Canadians hit spending record for U.S. shows
Broadcasters spent $846.3 mil on foreign seriesTORONTO -- Despite shrinking ad dollars, loss-making private Canadian broadcasters continue to invest record dollars into U.S. network series for their primetime schedules.
Saddled with multiyear output deals with Hollywood studio suppliers, Canadian broadcasters spent a record $846.3 million, or 59% of their programming expenditures, on foreign, mostly American shows, in the year to Aug. 31, 2009, the Canadian Radio-television and Telecommunications Commission reported Thursday.

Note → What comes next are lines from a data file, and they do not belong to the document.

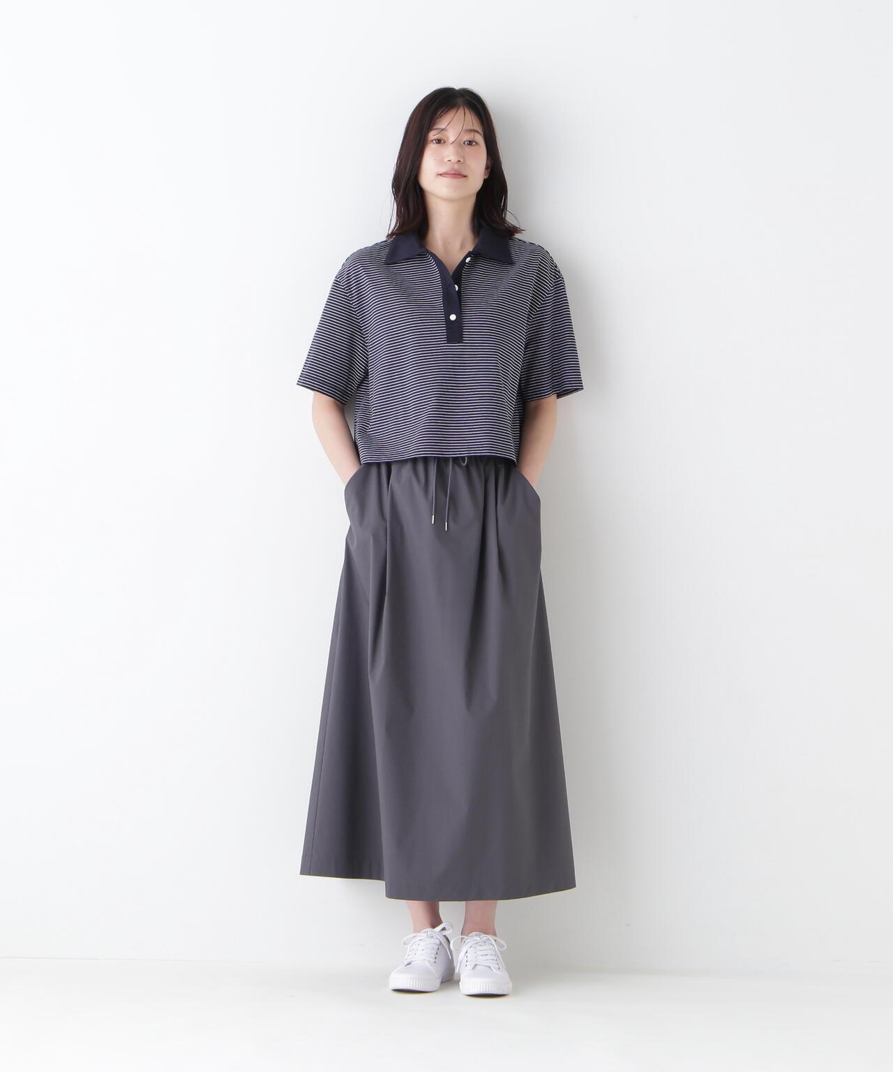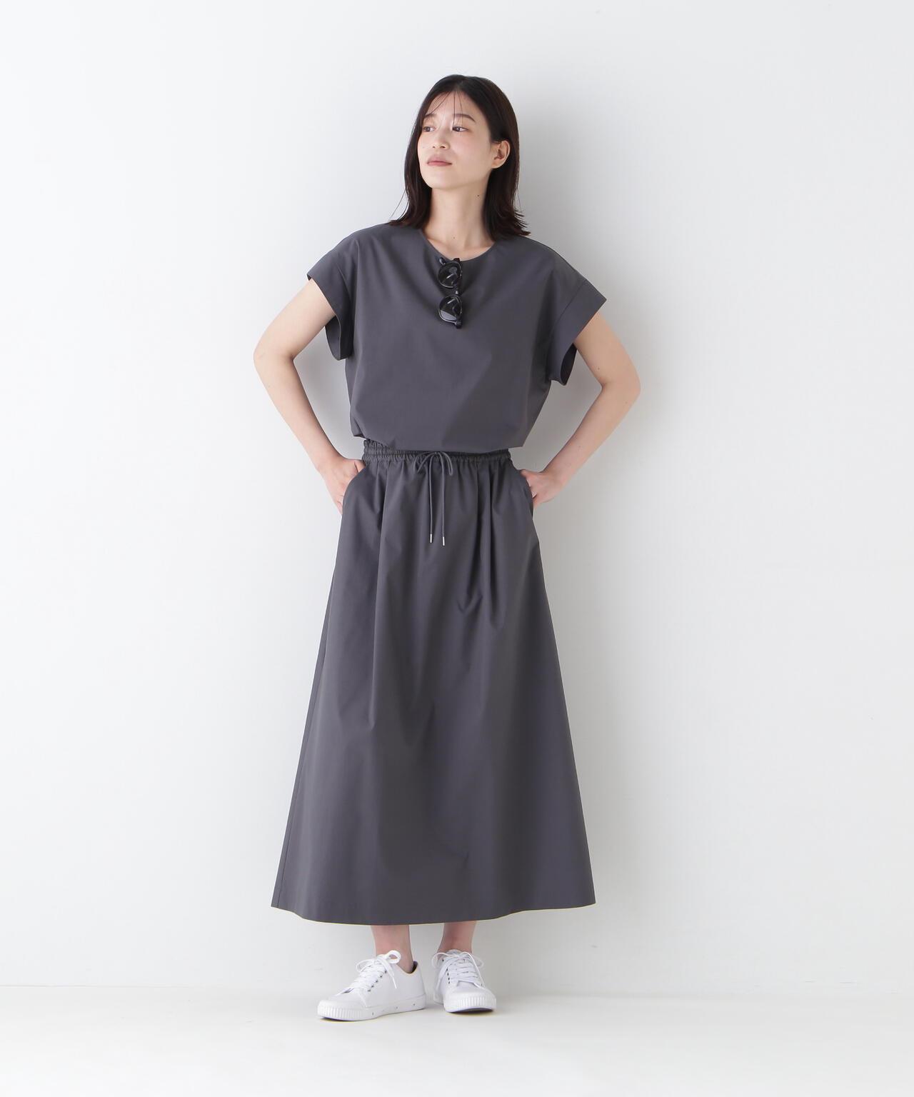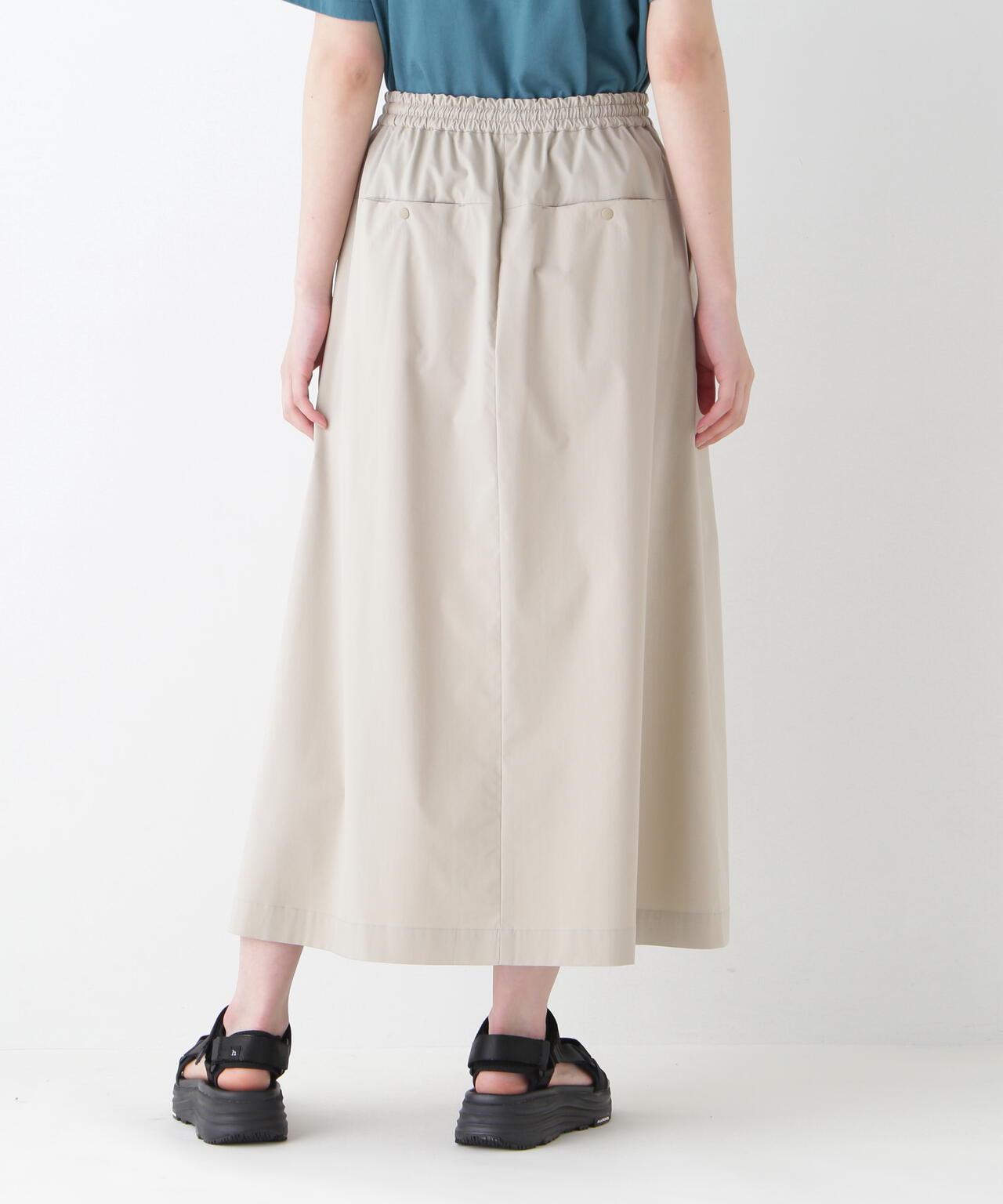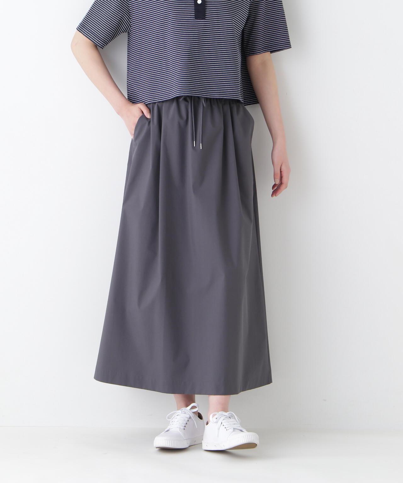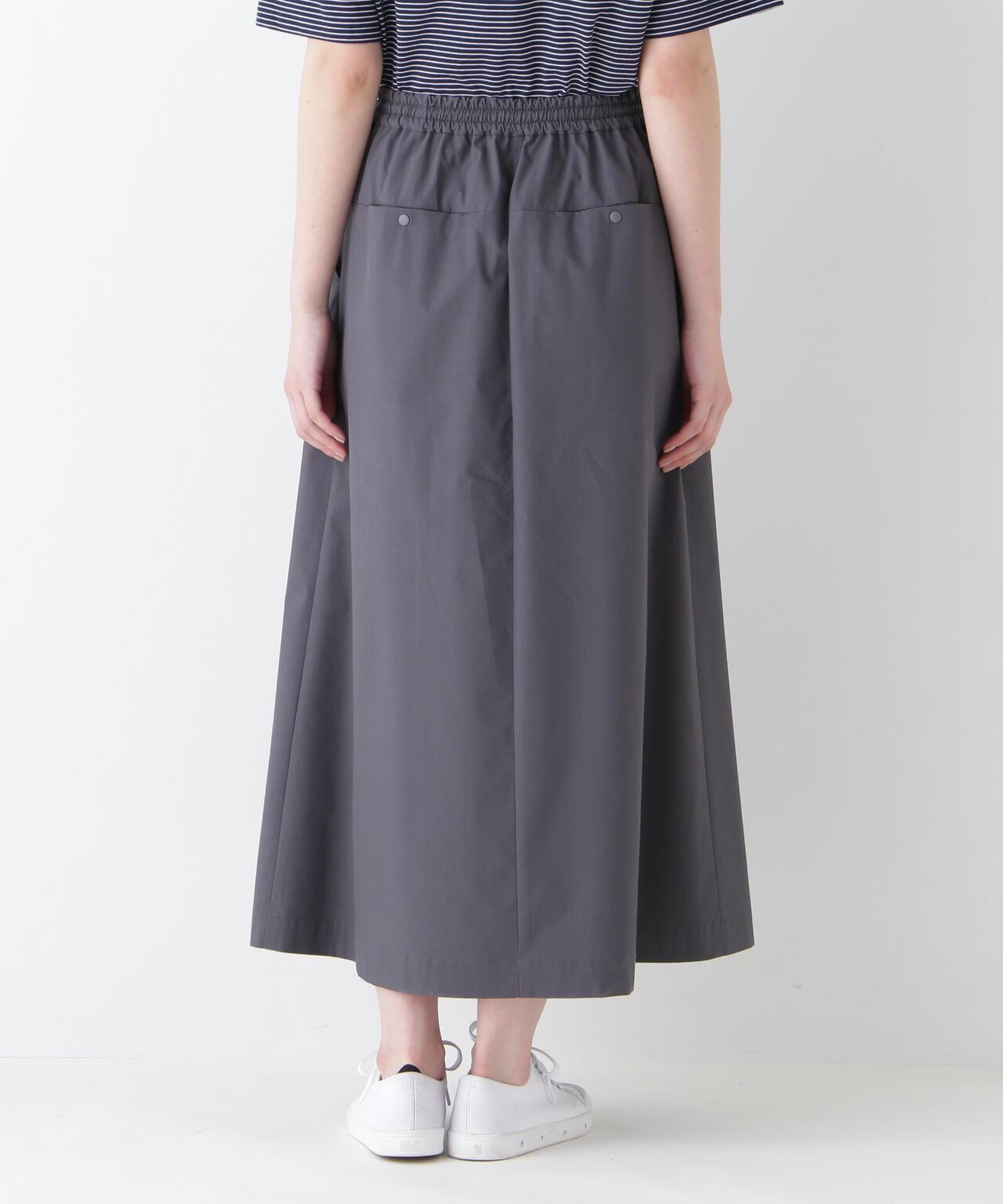 運動風格的單襉 A 字裙,腰部配有抽繩和配飾。裙子採用有機棉混紡 C/P 天候面料,表面自然美觀。這種面料還具有弱防水性和輕彈力等運動特性,在這個季節很容易打理。這款裙子易於日常穿著,其功能性材質讓人愛不釋手。建議搭配同材質的上衣。
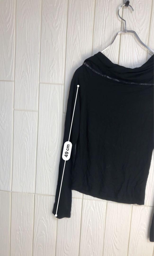 ドレープネックデザインのフィット感のある黒の長袖トップス。
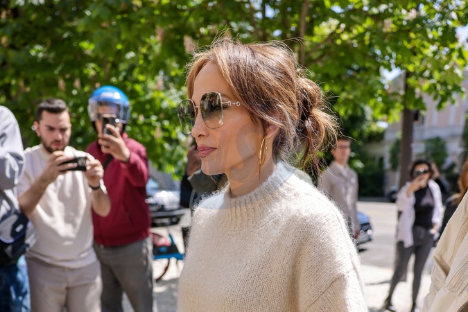 Jennifer Lopez sort et revient à l'hôtel La Réserve après avoir fait un saut dans une pharmacie à Paris, France, le 10 mai 2024. JLo est habillée de façon décontractée avec son jean baggy, un pull blanc et des baskets blanches associés à un sac à main vert. Jennifer Lopez steps out and returns to La Réserve Hotel after popping into a pharmacy in Paris, France on May 10, 2024. JLo is dressed casually in her baggy jeans, a white sweater and white sneakers paired with a green handbag.
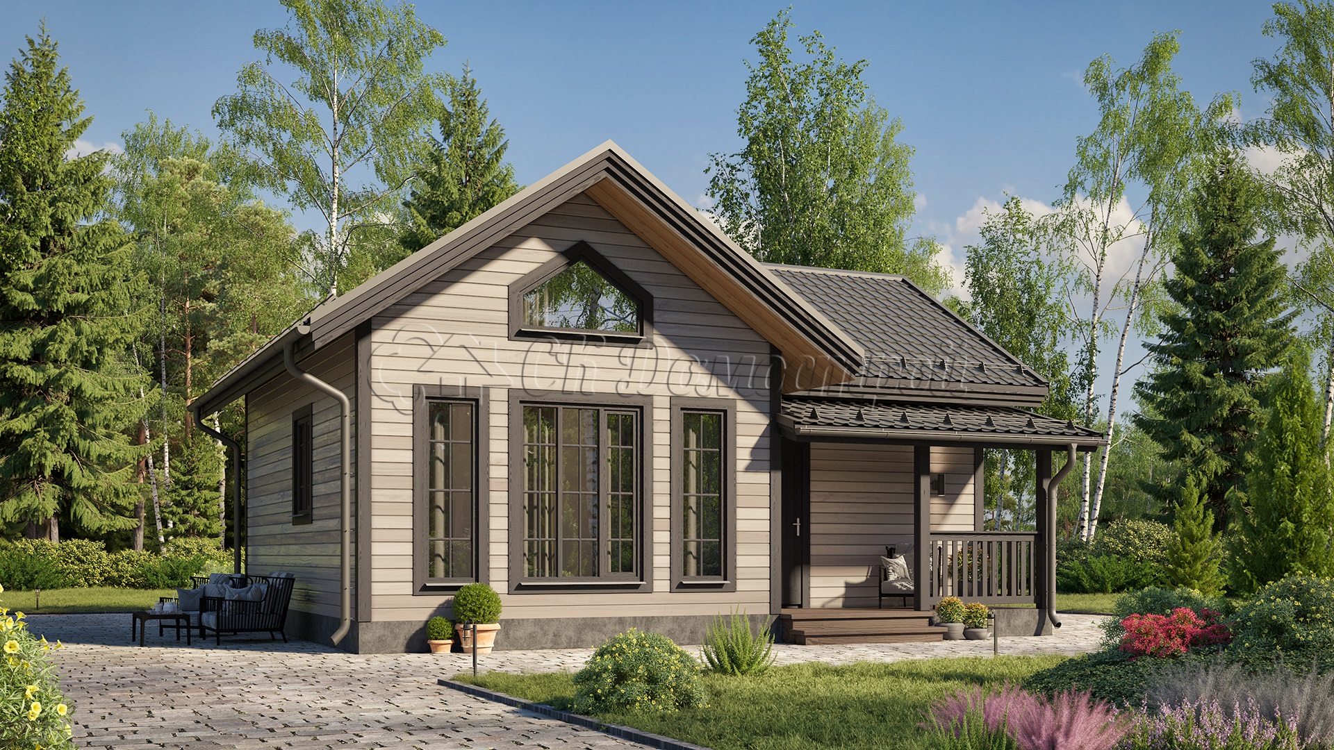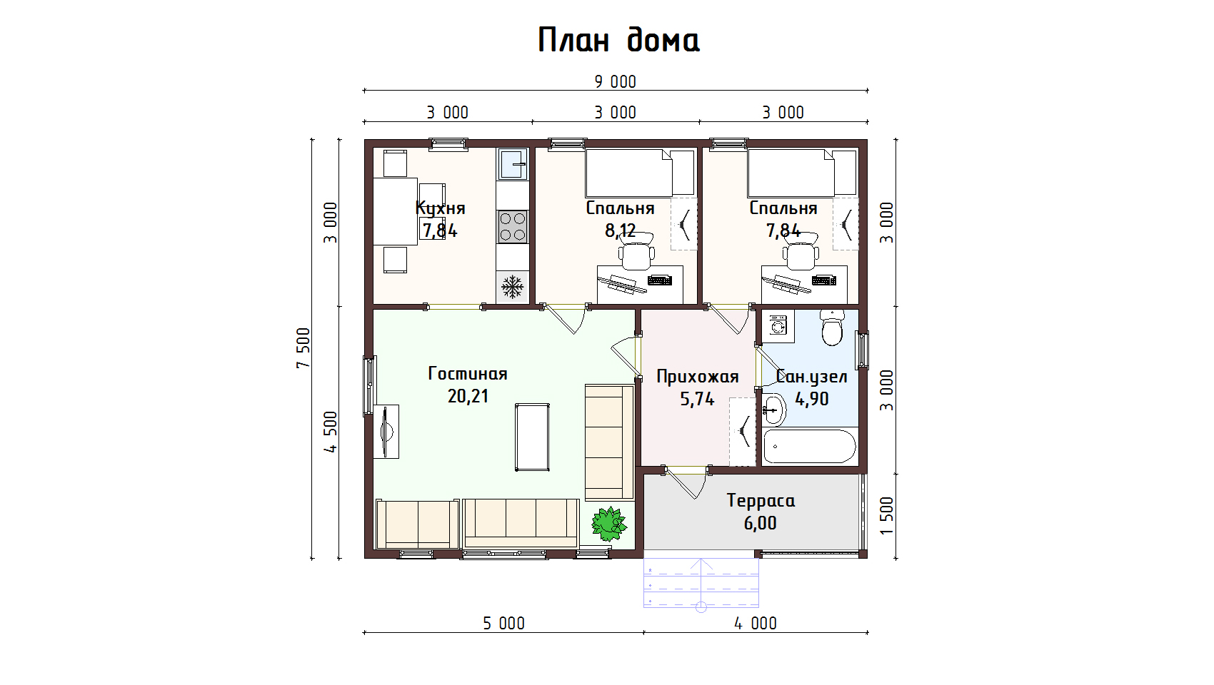 Размер коттеджа 7.5х9 метра, а общая жилая площадь равняется 62 квадратным метрам.
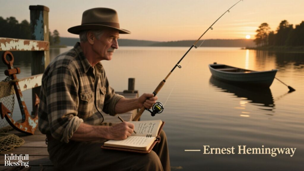 - “Hemingway understood that fishing strips away pretense—on the water, you can’t fake courage or dress up cowardice in fancy words.”
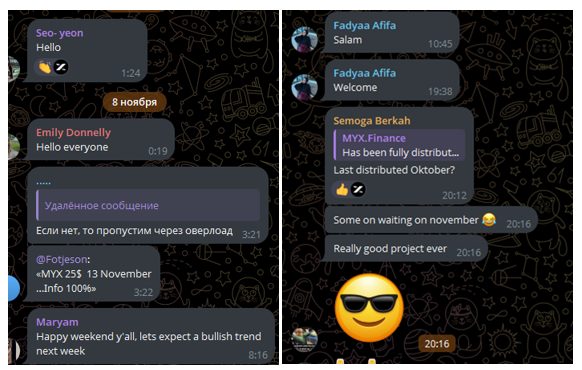 В официальной группе Телеграм MYX Finance особых обсуждений нет. Активность низкая, особого взаимодействия разработчиков с пользователями нет.
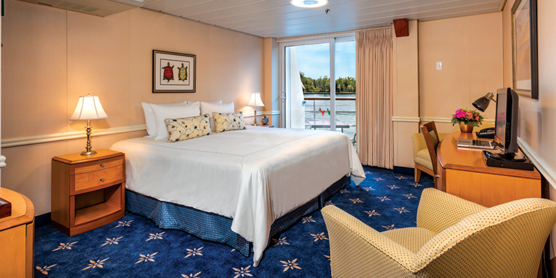 At over 450 sq. ft. the American Constellation Sky Suites are both spacious and elegantly appointed. Located on a private deck, each secluded suite offers our distinguished travelers amazing views from the private walk-out balcony. The well-furnished suites come fully equipped and offer a sitting area, writer’s desk, sliding glass door and full hotel-sized bathroom.
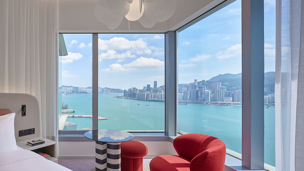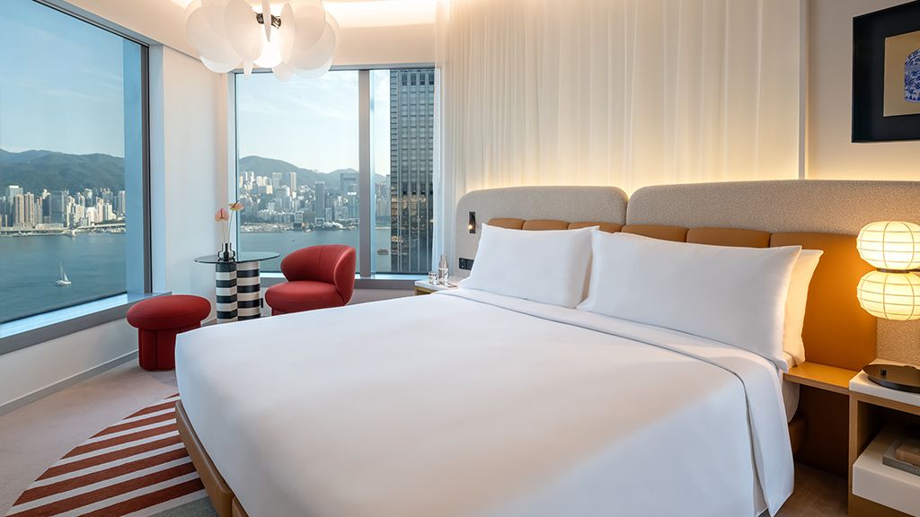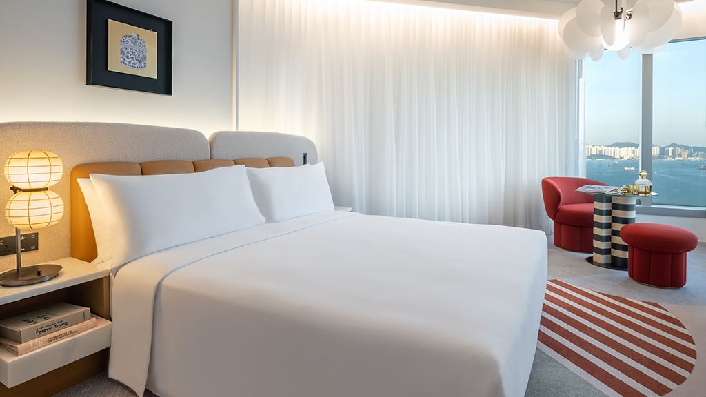 With larger room size, high ceilings, bright decor, and oversized windows, Harbour Deluxe Rooms feature stunning views of the expansive Victoria Harbour. King bed.
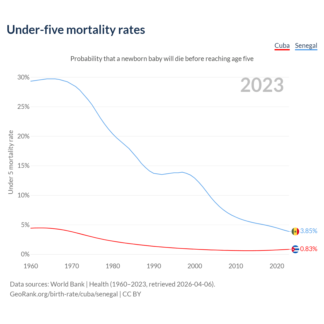 The chance that a newborn baby will die before reaching age five is 0.83% in Cuba and 3.85% in Senegal. Above is a chart with historical data on under-five mortality rates.
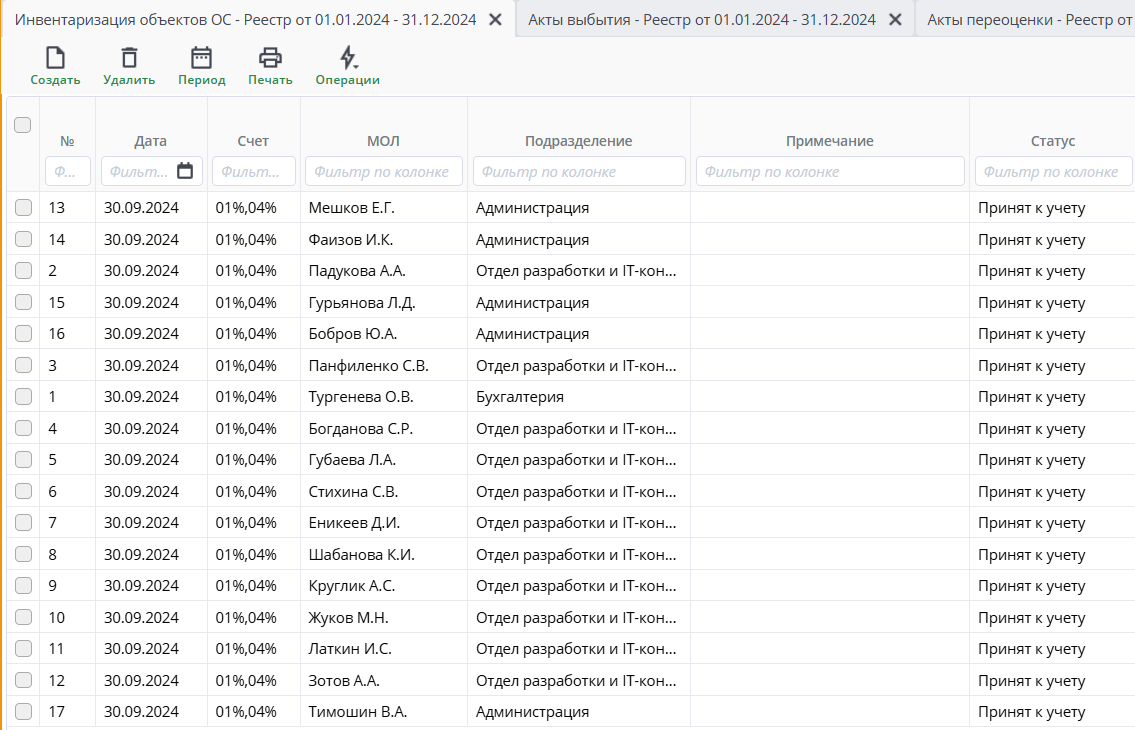 Нажмите на «Инвентаризация объектов ОС». Откроется реестр документов.
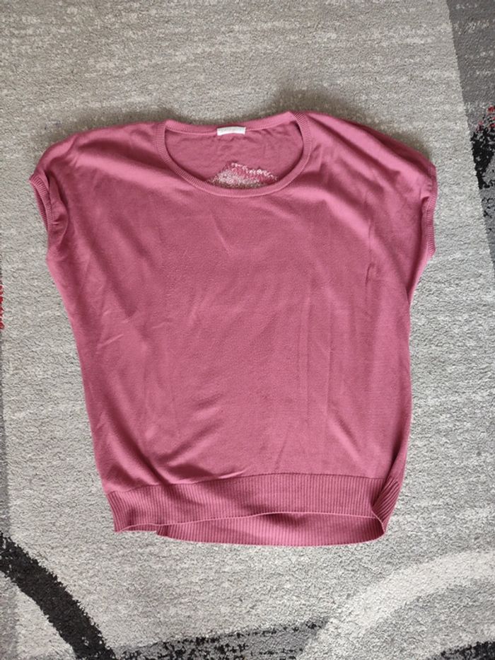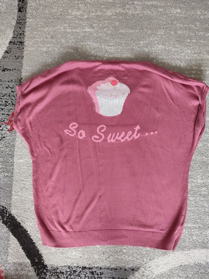 Pull sans manches rose,motif cupcake dans le dos Promod 42 ( pas d'étiquette de taille)

That represented a 9.2% jump on the $775.2 million spent in 2008.
The country's TV regulator also revealed private broadcasters spent less on homegrown programming last year -- $599.4 million in 2009, 3% down on a year-earlier $619 million invested in local TV shows.
The Canucks' unceasing appetite for U.S. network series came as private networks saw total revenue fall 7.9% last year, or $1.97 billion in 2009, against a year-earlier $2.14 billion.
Canadian broadcasters did receive a respite from recession-driven TV ad revenue losses due to higher primetime ratings after introducing the Portable People Meter and finding unmeasured viewers.
But the latest CRTC survey of Canadian conventional broadcasters also revealed they lost $116.4 million before interest and taxes in 2009, compared to a profit before interest and taxes of $8 million in 2008.
Canadian broadcasters stuffing their primetime slates with expensive U.S. series comes as they clamour for domestic cable and satellite TV providers to pay retransmission fees to make up for their continuing losses.
Primetime ratings king CTV even threatened to force domestic cable companies to yank popular U.S. programs they hold the Canadian rights to if it cannot successfully negotiate first-time carriage fees from content carriers.
Canada's retransmission fee brawl comes as domestic content carriers remain the sweet spot of the Canadian industry.
The CRTC reported total revenue for domestic cable operators climbed to $9.2 billion in 2009, against a year-earlier $8.2 billion, with their total profit before interest and taxes rising just over 10% to CAN$2.3 billion.